*** Data block

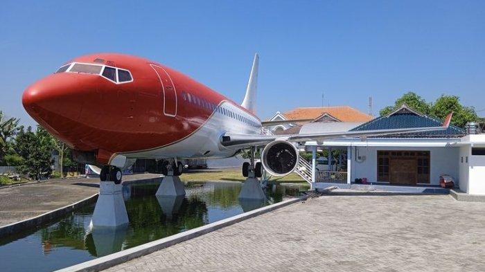Pesawat yang dipajang tersebut menyerupai pesawat kepresidenan RI dengan kombinasi warna merah-putih yang terparkir persis di depan rumah.
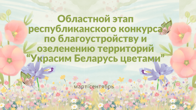 В целях воспитания экологической культуры учащихся через создание и реализацию проектов по озеленению и благоустройству территорий с марта по октябрь 2026 года проводится областной этап республиканского конкурса по благоустройству и озеленению территорий «Украсим Беларусь цветами».
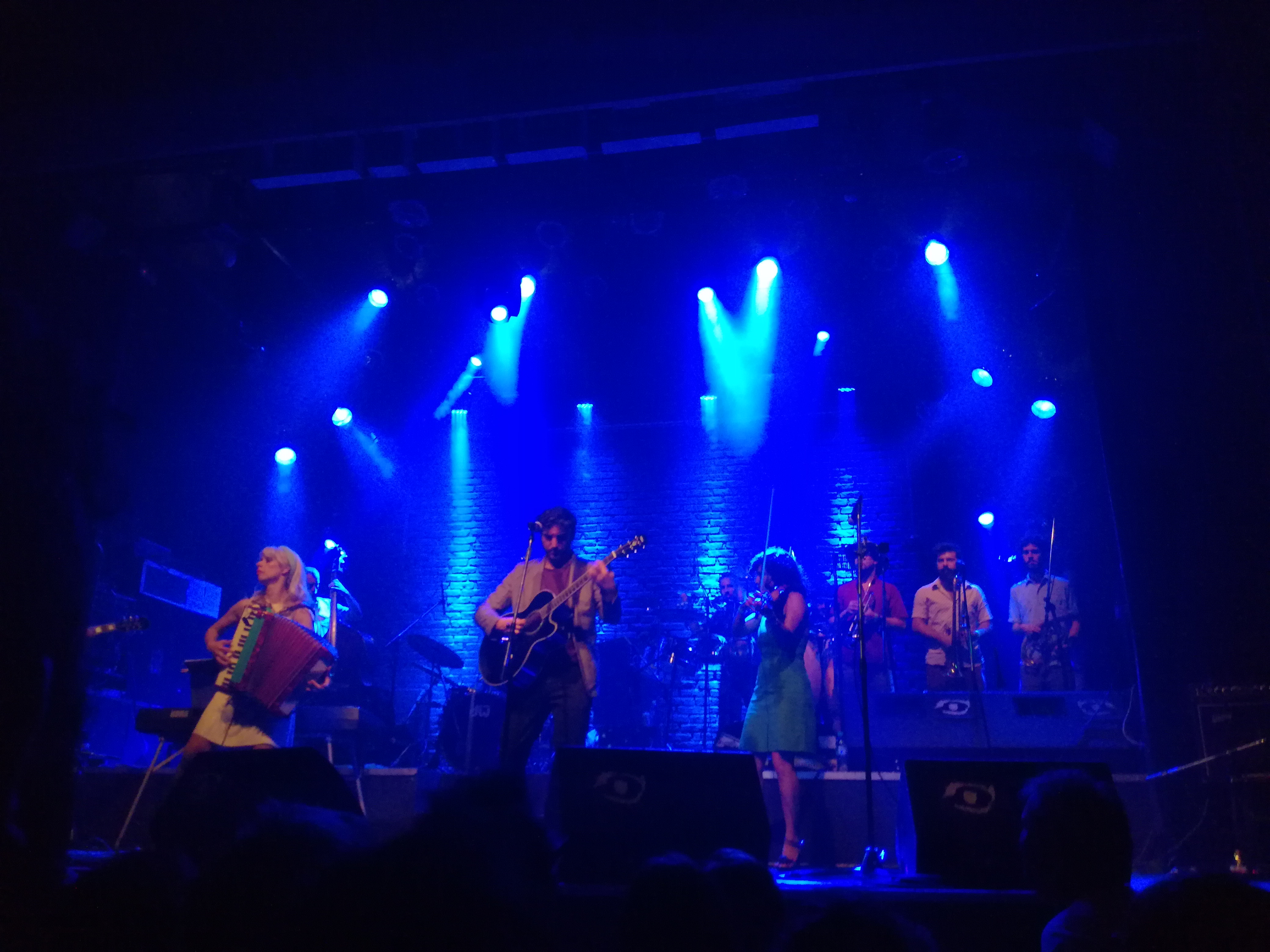 El show arrancó a toda orquesta con “Escarabajo” y siguió con “Canción de amor lejano”, donde MDMH mostró un sonido inoxidable y una energía que desbordó desde el escenario hasta el fondo de la sala. Pasando por temas de todos los discos, el primer gran momento llego cuando Flopa Lestani apareció en el escenario para cantar “Virgen de acero” que tuvo también la primera aparición en guitarra de Julio Sleiman, amigo y compañero de banda de Santiago. La siguieron como invitados Federico Falcón que cantó “El perfume” y el “Cucuza” Castiello para hacer “Invierno”.

******

Type the listing out again word for word, passing over each picture.

Pesawat yang dipajang tersebut menyerupai pesawat kepresidenan RI dengan kombinasi warna merah-putih yang terparkir persis di depan rumah.
 В целях воспитания экологической культуры учащихся через создание и реализацию проектов по озеленению и благоустройству территорий с марта по октябрь 2026 года проводится областной этап республиканского конкурса по благоустройству и озеленению территорий «Украсим Беларусь цветами».
 El show arrancó a toda orquesta con “Escarabajo” y siguió con “Canción de amor lejano”, donde MDMH mostró un sonido inoxidable y una energía que desbordó desde el escenario hasta el fondo de la sala. Pasando por temas de todos los discos, el primer gran momento llego cuando Flopa Lestani apareció en el escenario para cantar “Virgen de acero” que tuvo también la primera aparición en guitarra de Julio Sleiman, amigo y compañero de banda de Santiago. La siguieron como invitados Federico Falcón que cantó “El perfume” y el “Cucuza” Castiello para hacer “Invierno”.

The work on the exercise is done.